A Triple Threat

April 15, 2008

Economic news headlines these days are much more often worrisome than reassuring. Today’s main front-page story in the Financial Times captures two dangers in a seven-word headline: “Wachovia warns on U.S. Outlook after loss.” Global financial market remain stressed, and revelations of new asset losses by major financial institutions will continue past the trough in the U.S. housing market. More analysts are forecasting a U.S. recession in 2008 than not, even though some indicators, like the Empire State manufacturing index out today, will still beat expectations. According to the FT article, Wachovia has revised its U.S. outlook to show a more rapid detioration. Another lead article in the FT today touches on a third threat, elevated oil prices that could be strained further as curtailed production in Russia contains supply. So there you have it. Every day is likely to bring some disturbing news on the financial system, U.S. economy or global inflation. Often, all three problems will make the news.

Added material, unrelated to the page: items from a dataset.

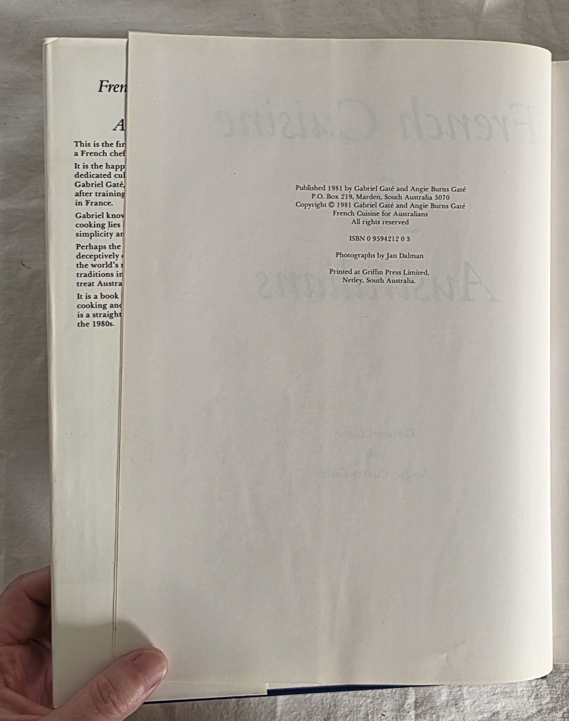 “This is the first cookery book written by a French chef specially for Australians. It is the happy product of three years of dedicated culinary exploration by Gabriel Gate, who cooks in Australia after training in three-star restaurants in France.”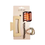 This 3-piece jaw clip set from tiff+tam Accessories features coordinating clips in a beige palette, offering a mix of shapes for versatile everyday styling. Designed with durable spring hinges for a secure hold, these claw clips are perfect for quick updos, half-up styles, and effortless hair looks.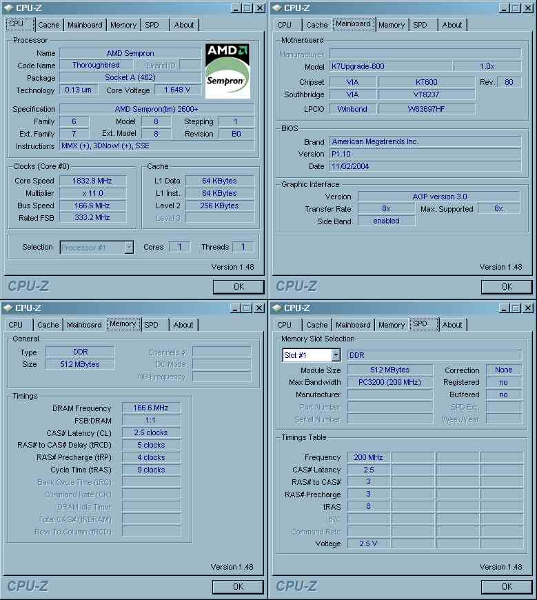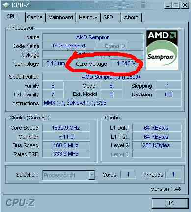 -AMD Sempron 2600+ (mit boxed kühler) fsb: 166mhz multi: 11 Takt: 1833mhz, idle: ca. 38-41°C Last: 50-51°C. Welchen Kern ich hab weiß ich nicht ich denk mal einen Thoroughbred aber kP wie kann ich das herausfinden? wenn es drauf steht nehm ich auch den kühler ab und guck nach^^ (währe wegen multi-übertakten interessant)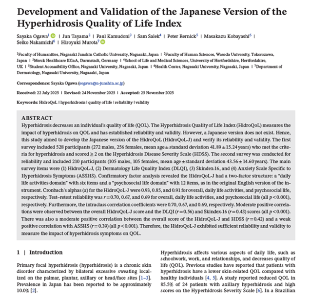 福祉・心理学科の小川さやか准教授らの研究グループは、多汗症(過剰な発汗)による生活の質(QOL)への影響を評価する尺度「HidroQoL」の日本語版(HidroQoL-J)を作成し、その妥当性と信頼性を検証しました。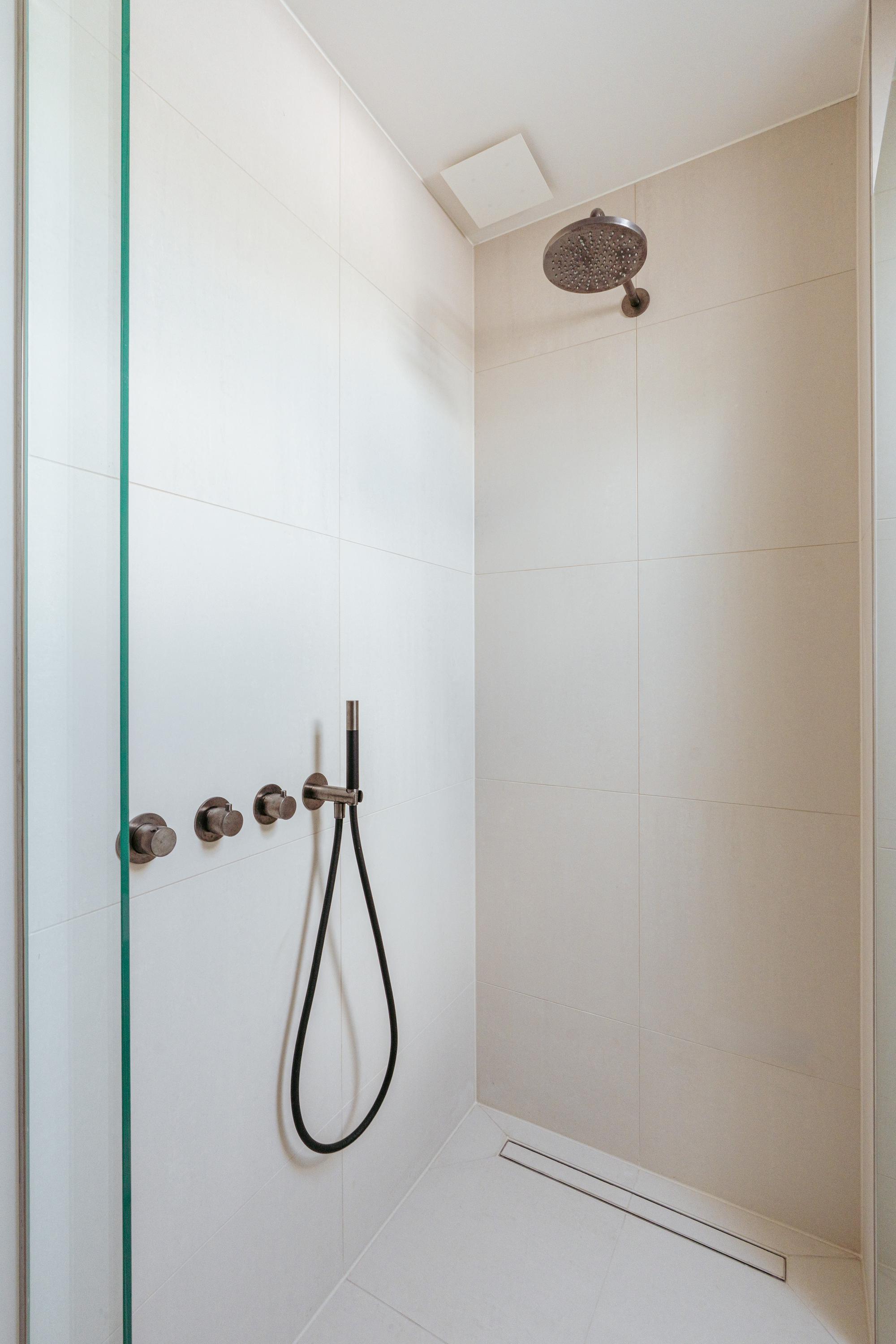 A staircase in the hallway leads to the first floor, where you will find three generously sized bedrooms. Thanks to their large dimensions, it would be simple to create a fourth or even fifth bedroom. The luxurious master bedroom features a freestanding bathtub, an en-suite bathroom, built-in wardrobes, and a spacious walk-in closet. The large bathroom is fitted with a double washbasin, walk-in shower, and WC. On the opposite side of the hallway, the second bathroom is also equipped with a walk-in shower, WC, and washbasin.

Today’s dominant issue has been inflation. New Zealand reported a 3.4% rise in consumer prices since 3Q06, most since 3Q06, and a 1.1% advance in non-tradable consumer prices between the fourth quarter of 2007 and first quarter of this year. Italy’s harmonized index of consumer prices was confirmed to have jumped 1.6% in March. The 12-month pace in Italy rose to 3.6% from 3.1% and to 2.5% from 2.1% on core inflation. Food and transportation costs went up by 5.5% and 5.8% from March 2007. Core French CPI of 2.1% in the year to March sounds tame enough, except that the pace has not been so high since September 2002. The energy and food components of the index climbed 12.7% and 5.3% from March 2007. Britain served up a lower-than-expected 2.5% CPI in the year to March, same as in February, because of a 5.3% drop in clothing mitigated outsized advances of 7.0% in transportation and 5.5% in food. U.S. finished producer prices rose 1.1% m/m, almost double expectations, and non-energy and food producer price inflation advanced to 2.7% from 2.0% at the end of 2007. Between March 2007 and March 2008, producer prices for crude and intermediate goods soared 31.4% and 10.5%, so there is considerable pent-up cost strain high up in the producer price food chain. When inflation is worsening all over, currencies associated with relatively high inflation — both recently and historically — become vulnerable. Such is doubly true if the top priority of monetary policy is not inflation reduction. The triple threat of unresolved financial market strains, a weak U.S. economy, and rising inflation poses special problems for the dollar, and a falling dollar will in turn feed back into that trio of problems.